--- EXERCISE MATERIAL Enclosed Below ---

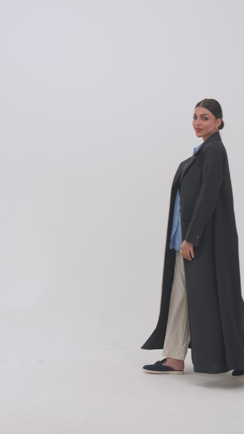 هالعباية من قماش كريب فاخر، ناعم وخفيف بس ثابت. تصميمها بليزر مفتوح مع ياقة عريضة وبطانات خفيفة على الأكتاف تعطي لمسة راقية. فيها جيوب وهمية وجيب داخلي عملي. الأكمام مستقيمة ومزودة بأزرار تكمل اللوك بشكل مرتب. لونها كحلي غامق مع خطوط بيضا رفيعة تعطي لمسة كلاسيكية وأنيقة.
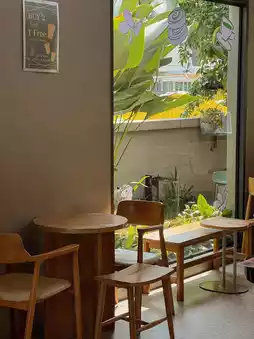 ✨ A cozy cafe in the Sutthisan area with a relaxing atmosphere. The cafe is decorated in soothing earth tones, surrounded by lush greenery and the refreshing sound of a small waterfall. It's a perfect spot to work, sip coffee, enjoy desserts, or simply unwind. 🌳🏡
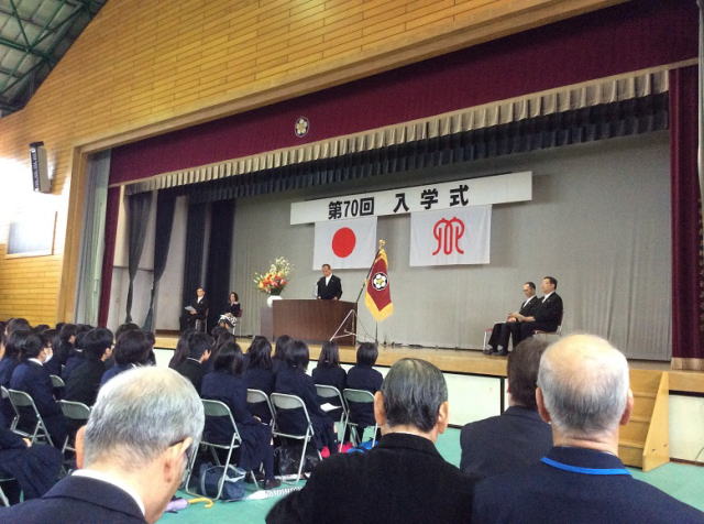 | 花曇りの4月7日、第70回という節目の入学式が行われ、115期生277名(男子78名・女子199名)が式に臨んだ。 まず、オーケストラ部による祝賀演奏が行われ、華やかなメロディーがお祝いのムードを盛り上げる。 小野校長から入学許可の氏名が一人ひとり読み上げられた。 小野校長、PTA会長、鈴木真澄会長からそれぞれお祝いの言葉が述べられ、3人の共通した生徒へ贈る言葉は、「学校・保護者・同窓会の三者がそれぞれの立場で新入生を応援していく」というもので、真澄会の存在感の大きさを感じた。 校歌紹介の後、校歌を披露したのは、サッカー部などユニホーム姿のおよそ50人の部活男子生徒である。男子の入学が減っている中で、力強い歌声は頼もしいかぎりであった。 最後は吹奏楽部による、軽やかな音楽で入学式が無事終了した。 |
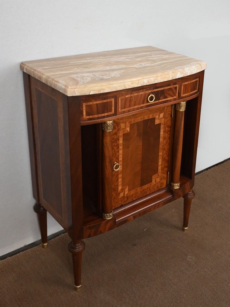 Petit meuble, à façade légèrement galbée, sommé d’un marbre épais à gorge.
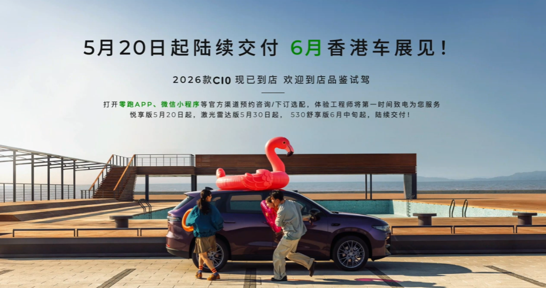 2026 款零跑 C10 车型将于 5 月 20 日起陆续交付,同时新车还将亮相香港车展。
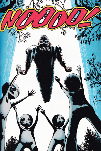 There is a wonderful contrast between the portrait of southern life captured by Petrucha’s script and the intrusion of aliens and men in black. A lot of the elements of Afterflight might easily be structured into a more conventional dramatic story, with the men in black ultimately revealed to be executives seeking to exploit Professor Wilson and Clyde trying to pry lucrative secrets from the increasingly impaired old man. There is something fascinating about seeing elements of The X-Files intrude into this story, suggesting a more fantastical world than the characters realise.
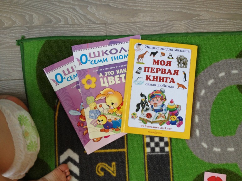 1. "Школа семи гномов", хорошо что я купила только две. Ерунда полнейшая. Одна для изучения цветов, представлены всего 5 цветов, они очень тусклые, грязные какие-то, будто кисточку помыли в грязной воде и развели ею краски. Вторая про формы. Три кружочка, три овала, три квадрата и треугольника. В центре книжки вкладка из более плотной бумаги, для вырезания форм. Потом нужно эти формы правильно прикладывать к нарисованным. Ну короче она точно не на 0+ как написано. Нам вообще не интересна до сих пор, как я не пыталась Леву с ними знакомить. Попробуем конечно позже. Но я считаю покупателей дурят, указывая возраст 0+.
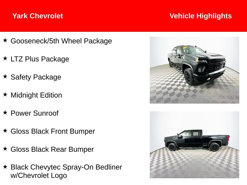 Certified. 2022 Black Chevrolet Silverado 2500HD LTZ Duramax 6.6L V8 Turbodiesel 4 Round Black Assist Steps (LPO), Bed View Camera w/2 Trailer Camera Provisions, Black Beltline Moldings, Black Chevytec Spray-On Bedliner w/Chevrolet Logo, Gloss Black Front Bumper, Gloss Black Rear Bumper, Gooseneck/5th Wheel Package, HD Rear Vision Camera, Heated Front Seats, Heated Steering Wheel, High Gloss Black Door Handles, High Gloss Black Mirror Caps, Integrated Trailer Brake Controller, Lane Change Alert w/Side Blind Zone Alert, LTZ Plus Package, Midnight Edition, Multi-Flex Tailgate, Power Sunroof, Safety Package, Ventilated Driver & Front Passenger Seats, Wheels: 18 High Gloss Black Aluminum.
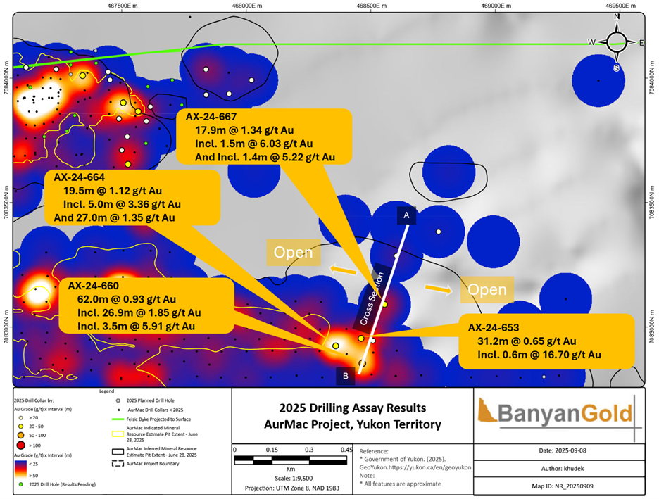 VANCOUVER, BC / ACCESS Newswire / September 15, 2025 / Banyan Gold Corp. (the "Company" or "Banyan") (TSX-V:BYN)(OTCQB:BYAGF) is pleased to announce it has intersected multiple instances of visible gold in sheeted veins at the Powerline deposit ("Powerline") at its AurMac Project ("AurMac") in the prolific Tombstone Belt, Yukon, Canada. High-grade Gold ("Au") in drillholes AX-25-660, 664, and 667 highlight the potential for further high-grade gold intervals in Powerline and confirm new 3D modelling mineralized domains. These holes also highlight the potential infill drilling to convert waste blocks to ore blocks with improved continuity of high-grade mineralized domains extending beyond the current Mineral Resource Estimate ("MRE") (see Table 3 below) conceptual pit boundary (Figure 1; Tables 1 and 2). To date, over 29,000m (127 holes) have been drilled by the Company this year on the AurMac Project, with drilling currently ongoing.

--- End of Enclosed EXERCISE MATERIAL ---
--- EXERCISE MATERIAL Enclosed Below ---

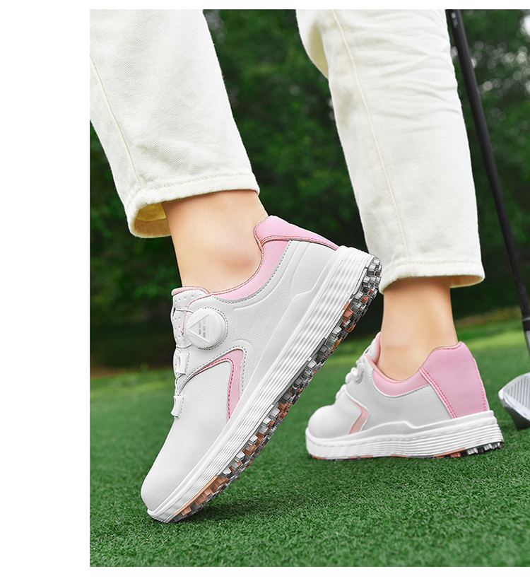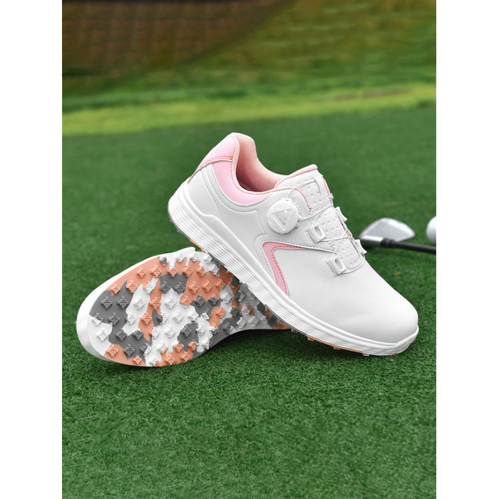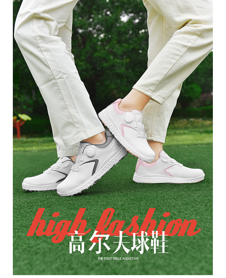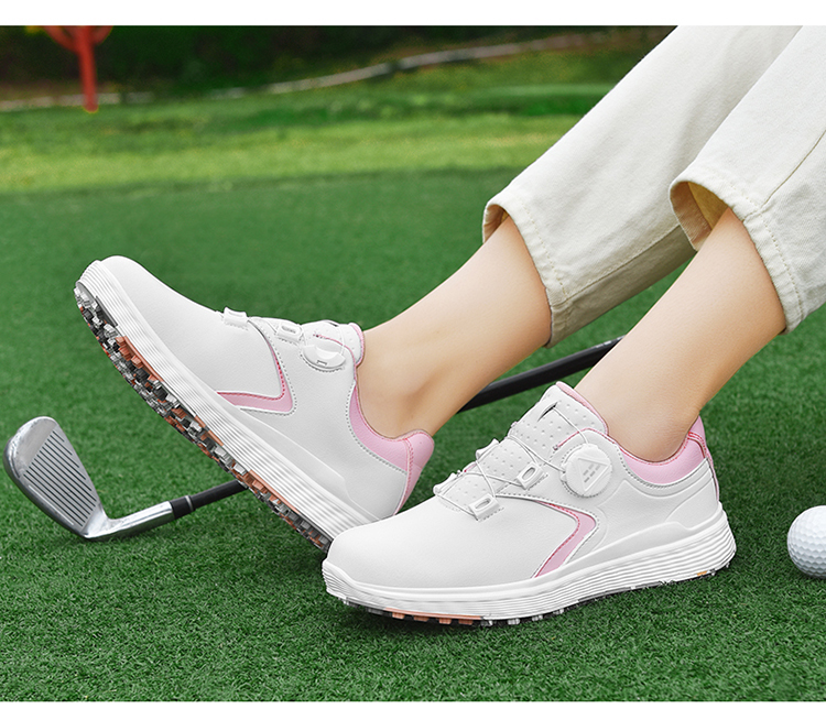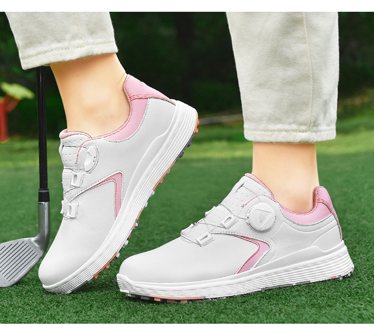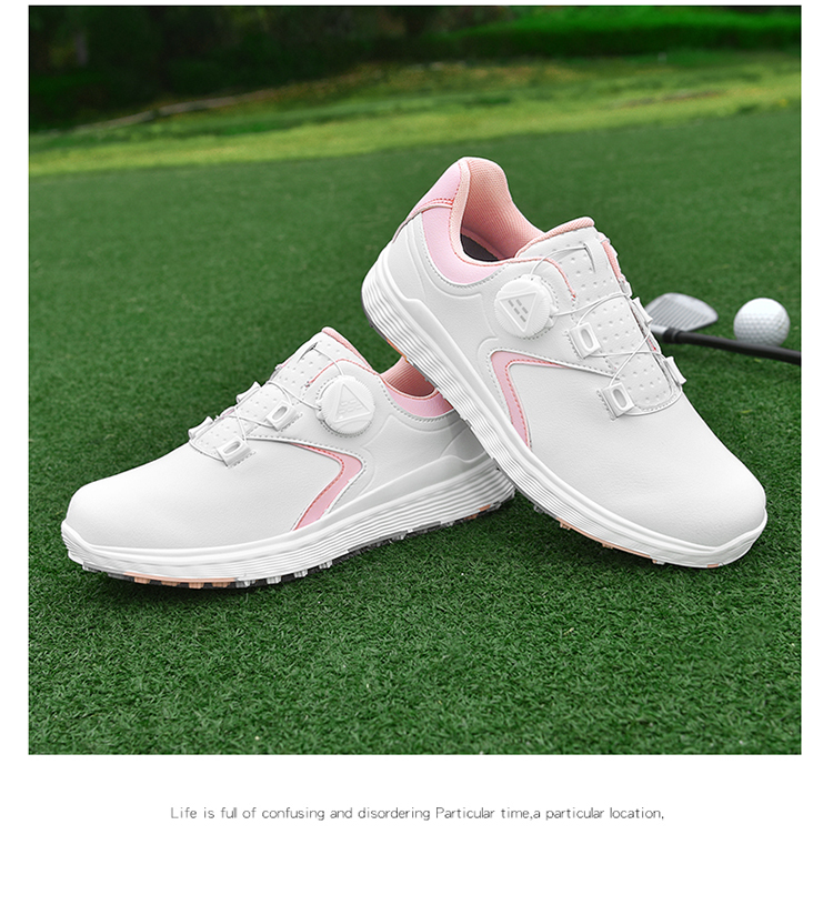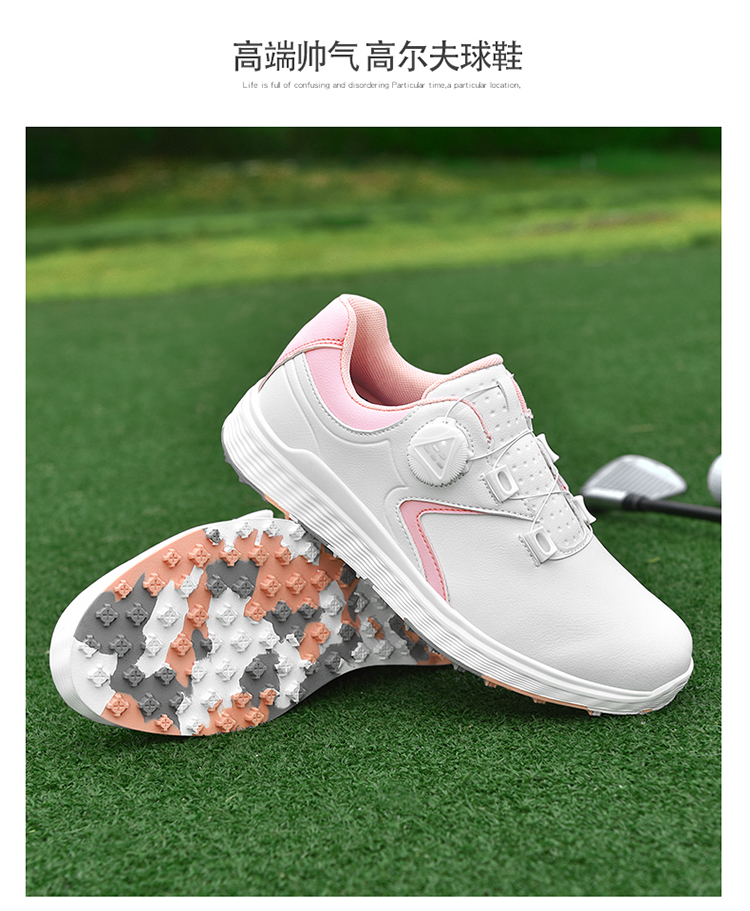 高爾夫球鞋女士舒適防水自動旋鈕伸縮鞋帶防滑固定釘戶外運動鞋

--- End of Enclosed EXERCISE MATERIAL ---
--- EXERCISE MATERIAL Enclosed Below ---

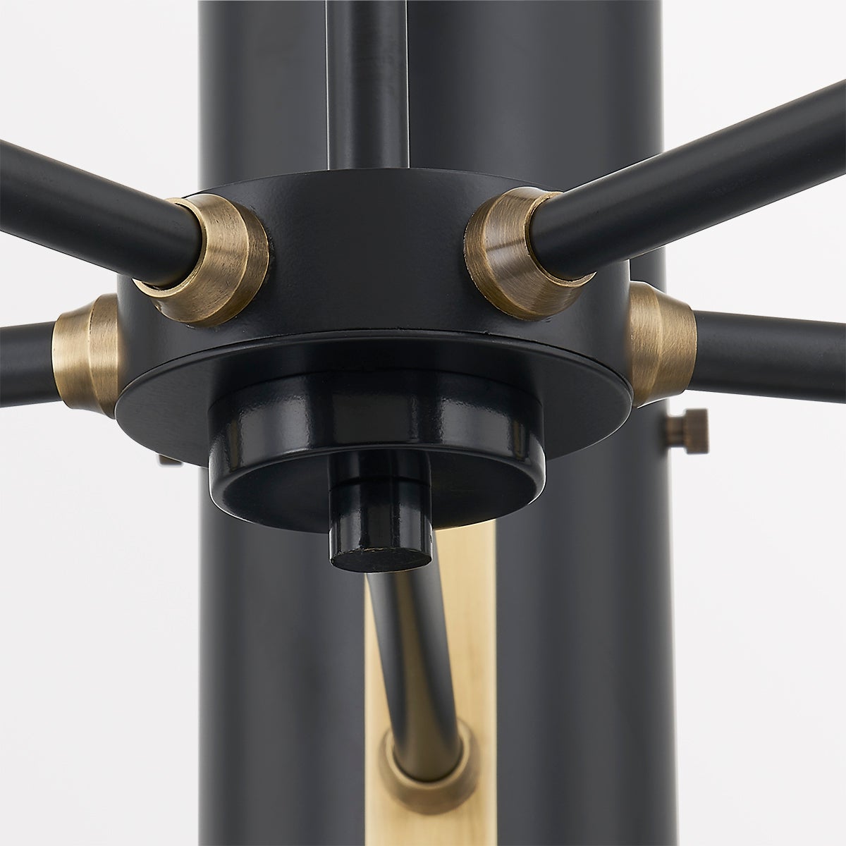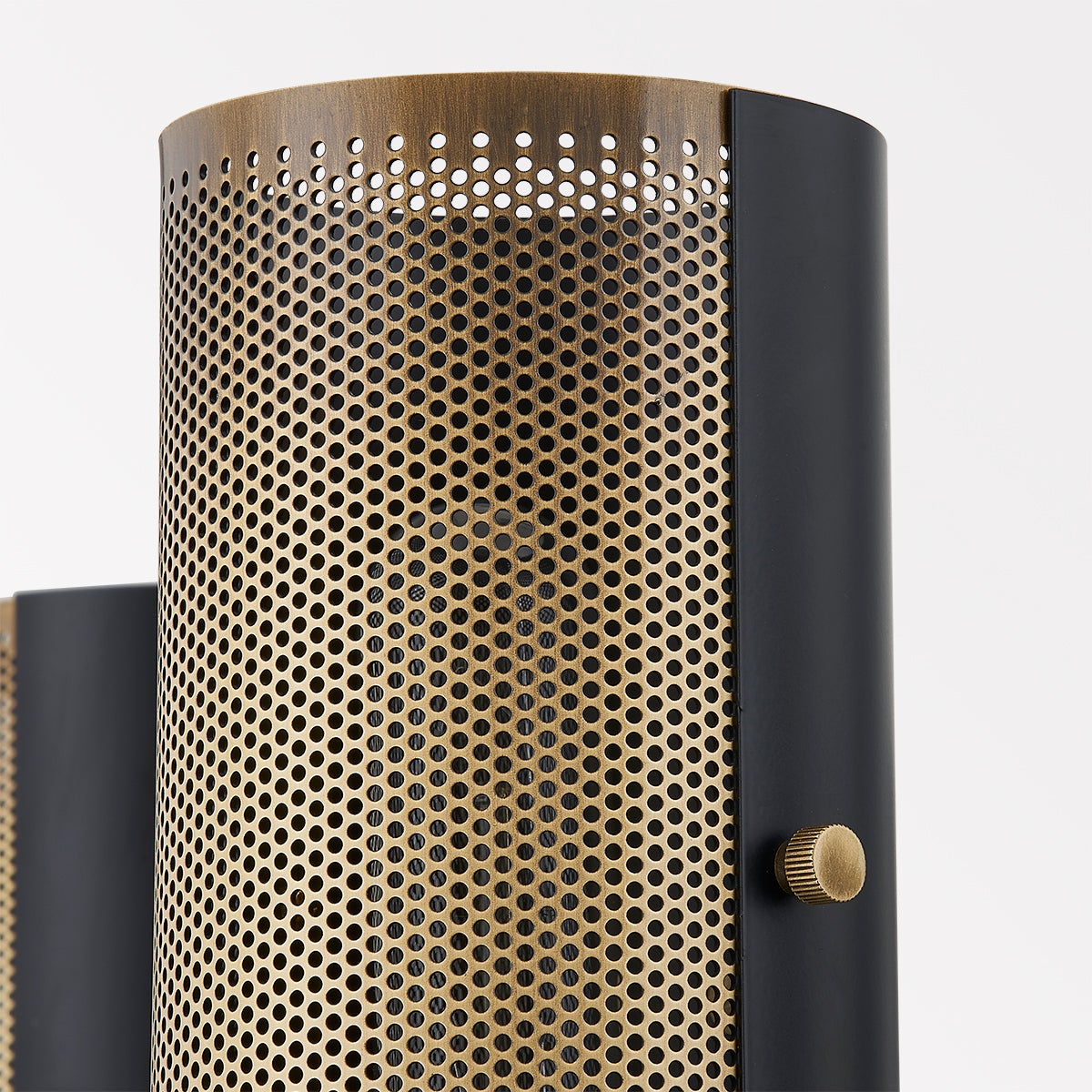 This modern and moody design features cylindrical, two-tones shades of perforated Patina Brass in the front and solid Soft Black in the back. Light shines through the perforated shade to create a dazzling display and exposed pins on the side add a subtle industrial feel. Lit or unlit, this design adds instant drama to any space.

--- End of Enclosed EXERCISE MATERIAL ---

--- WHAT IS REQUIRED ---
In the listing above, find the line containing "هالعباية من قماش" and the line containing "simply unwind. 🌳🏡". Print those two lines and every line between them exactly, with no pictures.

--- TASK OUTPUT ---
 هالعباية من قماش كريب فاخر، ناعم وخفيف بس ثابت. تصميمها بليزر مفتوح مع ياقة عريضة وبطانات خفيفة على الأكتاف تعطي لمسة راقية. فيها جيوب وهمية وجيب داخلي عملي. الأكمام مستقيمة ومزودة بأزرار تكمل اللوك بشكل مرتب. لونها كحلي غامق مع خطوط بيضا رفيعة تعطي لمسة كلاسيكية وأنيقة.
 ✨ A cozy cafe in the Sutthisan area with a relaxing atmosphere. The cafe is decorated in soothing earth tones, surrounded by lush greenery and the refreshing sound of a small waterfall. It's a perfect spot to work, sip coffee, enjoy desserts, or simply unwind. 🌳🏡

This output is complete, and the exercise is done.